Unnamed: 0,station_id,stationName,availableDocks,totalDocks,latitude,longitude,statusValue,statusKey,availableBikes,stAddress1,stAddress2,city,postalCode,location,altitude,testStation,lastCommunicationTime,landMark
0,168,W 18 St & 6 Ave,35,47,40.739713,-73.994564,In Service,1,11,W 18 St & 6 Ave,,,,,,0,2019-09-06 03:34:46 PM,
1,281,Grand Army Plaza & Central Park S,46,66,40.764397,-73.973715,In Service,1,18,Grand Army Plaza & Central Park S,,,,,,0,2019-09-06 03:32:58 PM,
2,285,Broadway & E 14 St,39,53,40.734546,-73.990741,In Service,1,13,Broadway & E 14 St,,,,,,0,2019-09-06 03:33:18 PM,
3,298,3 Ave & Schermerhorn St,27,35,40.686832,-73.979677,In Service,1,6,3 Ave & Schermerhorn St,,,,,,0,2019-09-06 03:34:52 PM,
4,304,Broadway & Battery Pl,28,33,40.704633,-74.013617,In Service,1,5,Broadway & Battery Pl,,,,,,0,2019-09-06 03:35:23 PM,


Looks good! Last but not least, let's set things up so that our database automatically updates every 15 seconds. 

In [None]:
import time 
import json 
import urllib.request
from datetime import datetime

while True:
    
    with urllib.request.urlopen("https://feeds.citibikenyc.com/stations/stations.json") as url:
        data = json.loads(url.read().decode())

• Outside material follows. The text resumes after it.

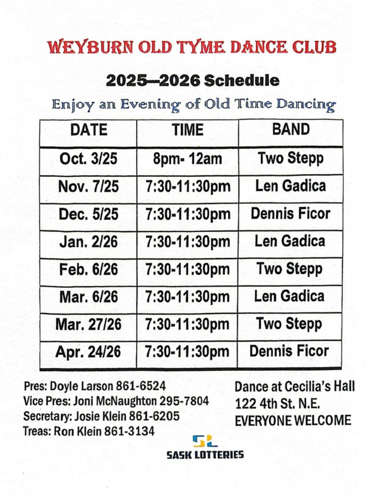Join us for an evening of socializing and dancing to great music at Cecilia’s Hall in Weyburn. The bands include”Len Gadica”, “Two Stepp” or “Dennis Ficor”. 7:30 pm- 11:30 pm with lunch provided. $15.00 at the door!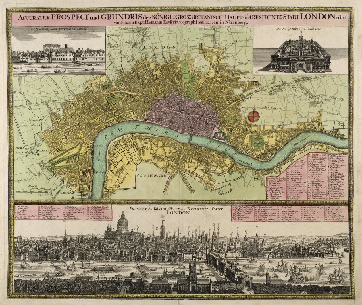 ロンドンの地図と展望、c.1710 手描きの彫刻。

    stations = data['stationBeanList'] # iterate through the json to find the station data

    con = sqlite3.connect('citibikeData.db') # connect to our db

    query_template = """INSERT OR IGNORE INTO StationsData(station_id, stationName, availableDocks, totalDocks, latitude, \
    longitude, statusValue, statusKey, availableBikes, stAddress1, stAddress2, city, postalCode, location, altitude, \
    testStation, lastCommunicationTime, landMark) VALUES (?, ?, ?, ?, ?, ?, ?, ?, ?, ?, ?, ?, ?, ?, ?, ?, ?, ?);"""

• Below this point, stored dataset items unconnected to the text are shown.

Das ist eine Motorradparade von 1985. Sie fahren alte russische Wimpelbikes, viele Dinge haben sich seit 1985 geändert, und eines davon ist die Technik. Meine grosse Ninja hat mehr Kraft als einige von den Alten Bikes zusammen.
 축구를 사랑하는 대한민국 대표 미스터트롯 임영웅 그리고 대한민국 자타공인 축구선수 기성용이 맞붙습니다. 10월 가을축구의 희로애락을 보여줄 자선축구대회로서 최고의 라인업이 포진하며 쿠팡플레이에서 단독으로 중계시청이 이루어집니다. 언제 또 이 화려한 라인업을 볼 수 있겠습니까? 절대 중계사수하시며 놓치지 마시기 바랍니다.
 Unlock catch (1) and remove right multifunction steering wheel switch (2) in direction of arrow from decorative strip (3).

    for entry in stations: # for every station entry in the json 
        station_id = int(entry['id']) # find and set station_id
        stationName = str(entry['stationName'])
        availableDocks = int(entry['availableDocks'])
        totalDocks = int(entry['totalDocks'])
        latitude = str(entry['latitude'])
        longitude = str(entry['longitude'])
        statusValue = str(entry['statusValue'])
        statusKey = int(entry['statusKey'])
        availableBikes = int(entry['availableBikes'])
        stAddress1 = str(entry['stAddress1'])
        stAddress2 = str(entry['stAddress2'])
        city = str(entry['city'])
        postalCode = str(entry['postalCode'])
        location = str(entry['location'])
        altitude = str(entry['altitude'])
        testStation = bool(entry['testStation'])
        lastCommunicationTime = entry['lastCommunicationTime']
        landMark = str(entry['landMark'])
                           
        print("Inserting Station:", station_id, stationName, availableDocks, totalDocks, latitude, longitude, statusValue, statusKey, availableBikes, stAddress1, stAddress2, city, postalCode, location, altitude, testStation, lastCommunicationTime, landMark) 
        query_parameters = (station_id, stationName, availableDocks, totalDocks, latitude, longitude, statusValue, statusKey, availableBikes, stAddress1, stAddress2, city, postalCode, location, altitude, testStation, lastCommunicationTime, landMark) 
       
        con.execute(query_template, query_parameters)
    
    con.commit()
        
    time.sleep(15)

---

I hope this has helped you find your programming legs! Next week we'll get back to descriptive analytics using Python and Pandas. For now, take time to refresh yourself on the content covered in "Introduction to Programming". 

If you need a referesher on your SQL skills, check out the "Supplementary Info" directory in the class repo.